Acrylonitrile-Butadiene-Styrene (referred to as ‘ABS’, hereinafter) has been widely applied in electric appliances, electronic products and office automation machinery. However, this resin itself is not flame retardant. So, it is necessarily changed to flame retardant ABS resin by adding a flame retardant and an auxiliary flame retardant in order to endow flame retardancy to the resin.
However, when a flame retardant and a auxiliary flame retardant are added to ABS resin in order to improve flame retardancy, mechanical properties and physical properties of the resin including impact strength, melt flow index and elongation are significantly reduced.

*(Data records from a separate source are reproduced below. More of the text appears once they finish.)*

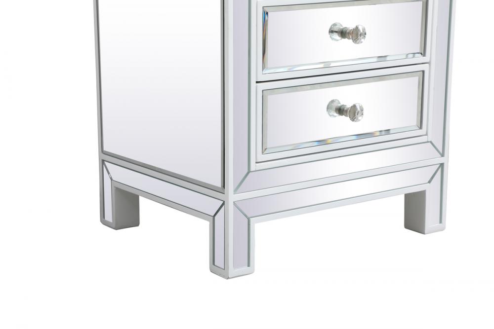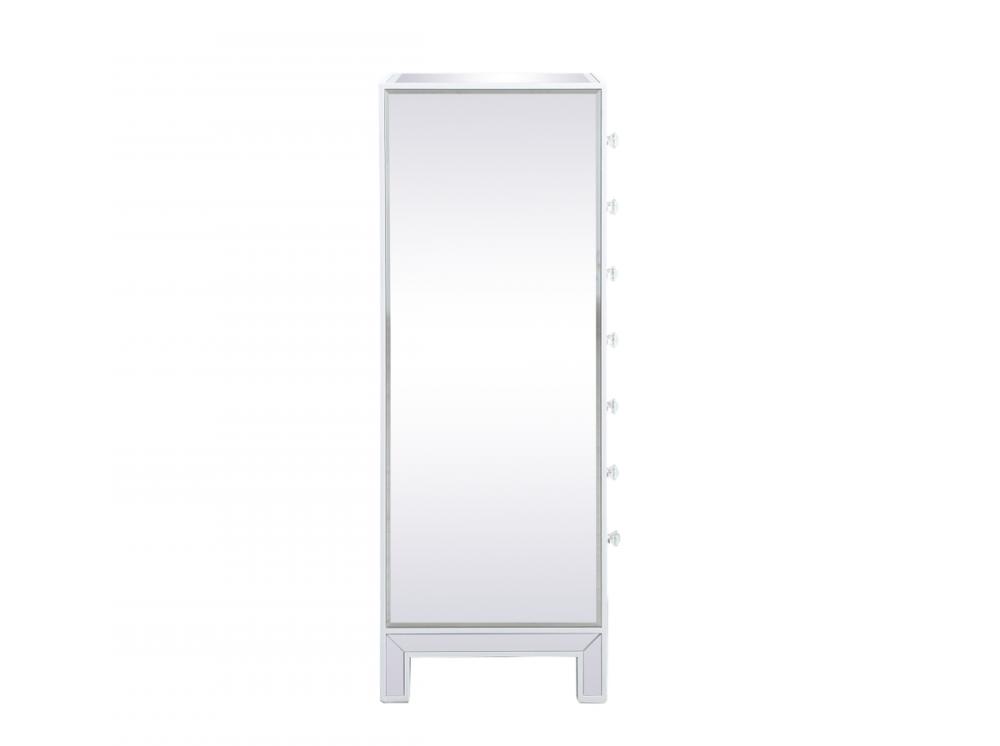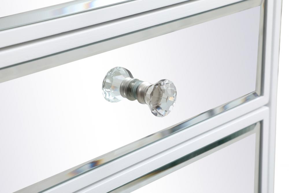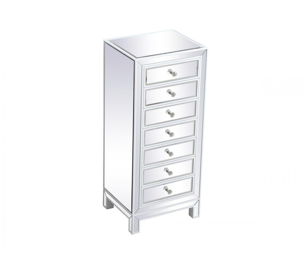 Enhance your bedroom or walk in closet with this fabulous and sophisticated lingerie chest! You can also store your intricate belongings in this petite 7 drawer chest. Dramatic and sophisticated, it has a hand painted finish border, beveled mirror panels on all surfaces, sparkling crystal drawer knobs, and mitered corners.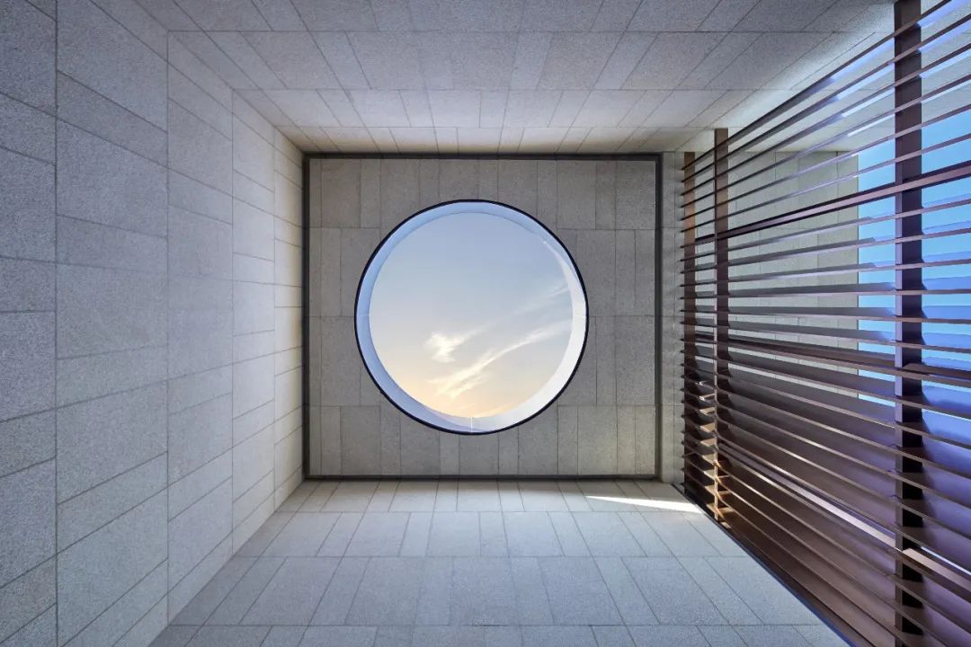 廊道的尽头便是一尺见方的过厅,阳光从穿过顶部洒落在围合的金属格栅上,静谧、明亮的建筑空间成为人与自然交流的空间载体。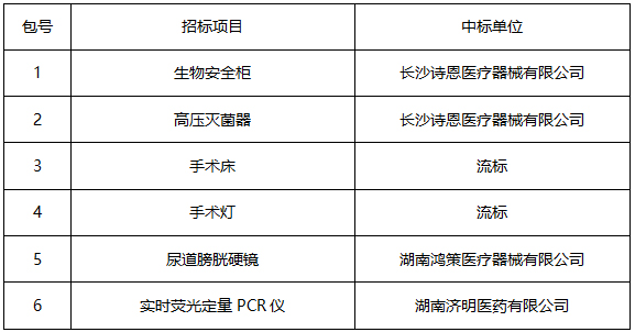 湖南省人民医院生物安全柜等医疗设备采购项目的招标结果公示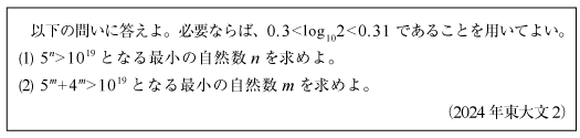 [C]対数を使って解く指数の整数問題(2024年東大文2)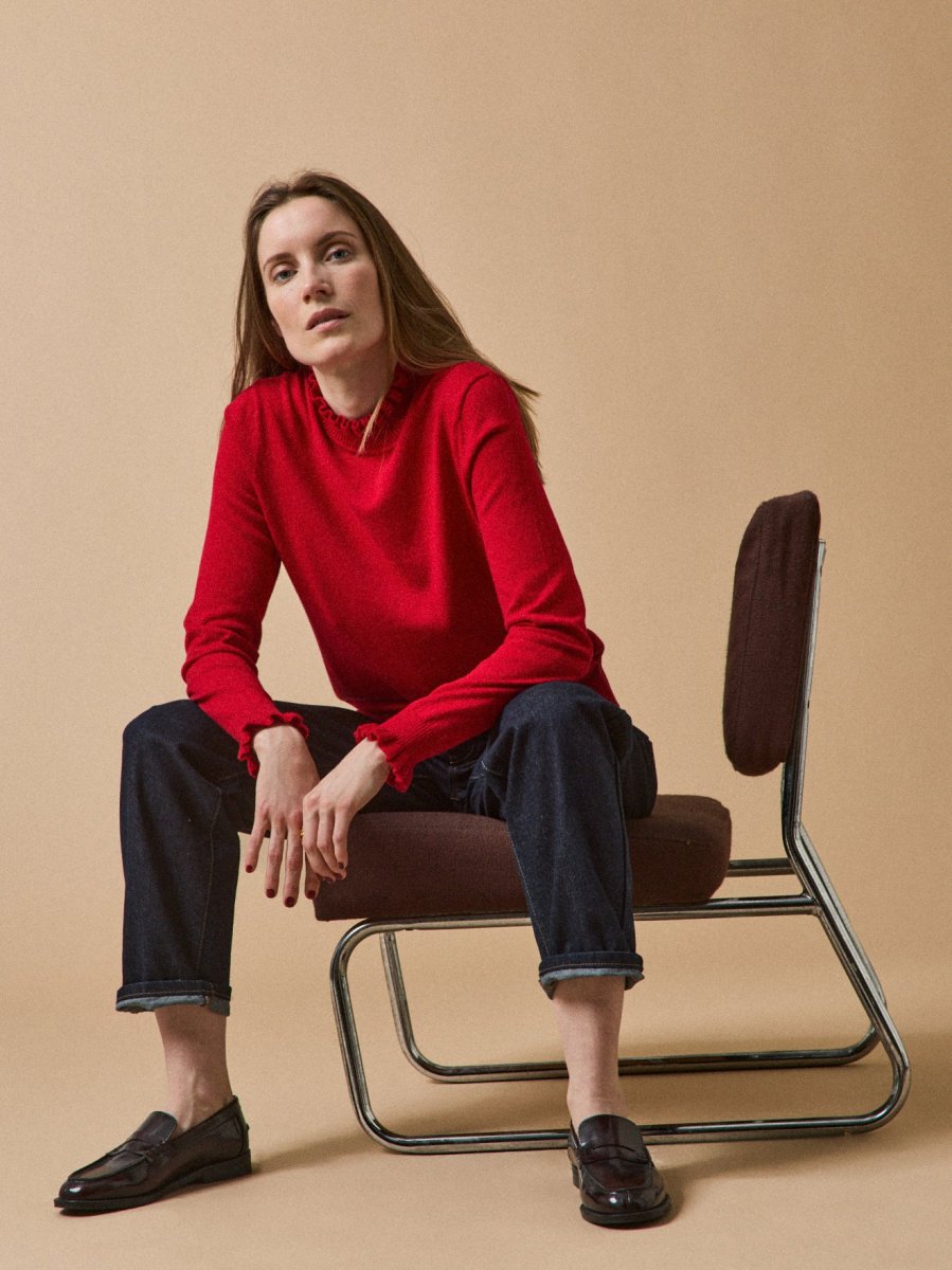 Fil naturel en coton biologique et laine certifiée RWS*. Le pull s’offre la fantaisie de finitions volantées et un volume actuel mis en valeur par de larges bord-côtes.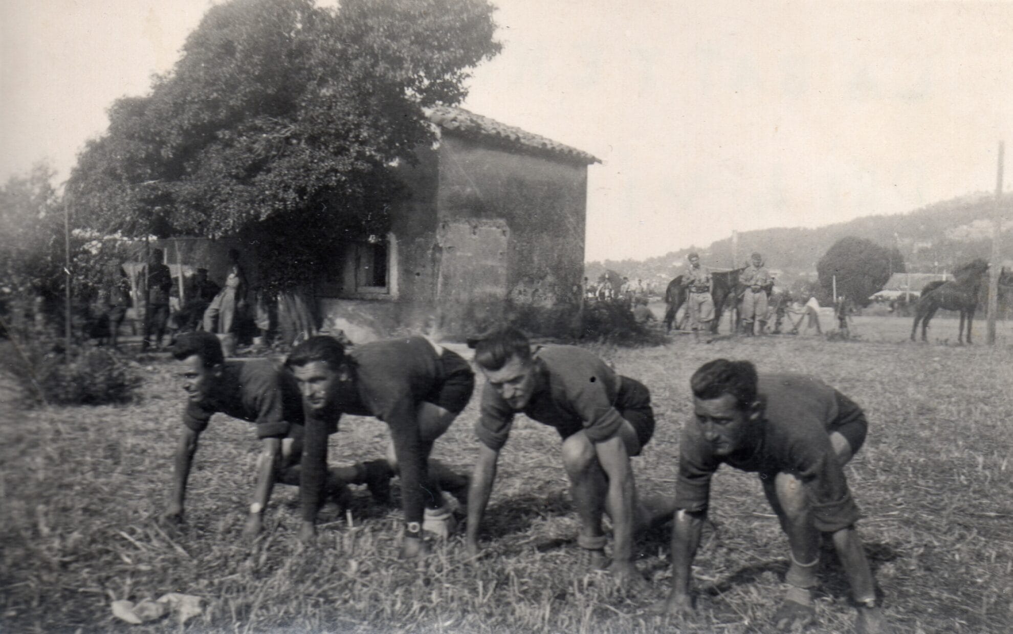 Nelle prime due foto si vede Dino in gruppo e impegnato nella finale della corsa dei 100 metri. Era infatti consuetudine tenere sempre impegnati i militari, e la gara di corsa premiava il vincitore con una breve licenza. Questo naturalmente accadeva quando la truppa era in Italia e non impegnata in attività di guerra.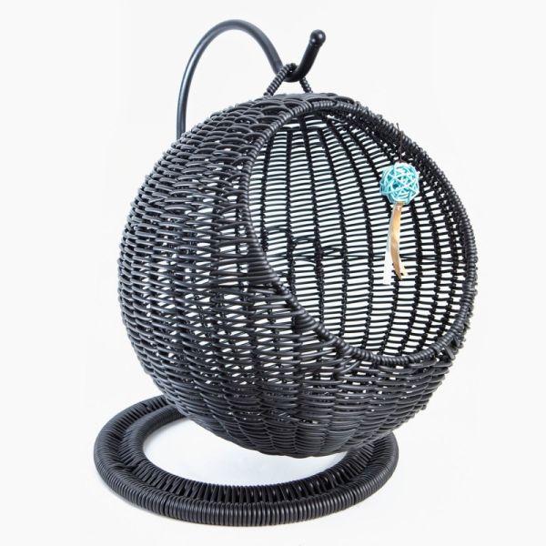 Morfeo è formata da una cuccia sferica rivestita da un pregiato intreccio a mano in rattan, un materiale rinomato per la sua resistenza e durevolezza nel tempo. L'intreccio artigianale conferisce alla cuccia un aspetto unico e sofisticato, rendendola un pezzo di design oltre che un accessorio funzionale per il vostro gatto.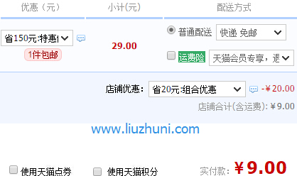 天猫唐狮旗舰店目前29元在售,虽然页面显示有运费,但是拍下其实是包邮的,这个留住你已经亲测了;并且T3-T4用户可用10元积分兑换20元现金券,实付9块钱包邮到手,这个价格手慢无了吧。

That is, the flame retardant ABS resin produced with the addition of a flame retardant and auxiliary flame retardant is expected to have poor mechanical properties, particularly poor impact strength and melt flow index. Therefore, it is important to develop a flame retardant ABS resin having excellent physical properties.
As explained hereinbefore, a flame retardant necessarily added to a flame retardant ABS resin is a major cause of reducing mechanical properties of the resin. To overcome this problem, various additives and stabilizers can be tried to increase impact strength and melt flow index. However, the addition of expensive additives raises the prime cost and might reduce other physical properties of the resin.
Therefore, it is required to develop a novel flame retardant ABS resin having excellent impact strength, melt flow index and flame retardancy.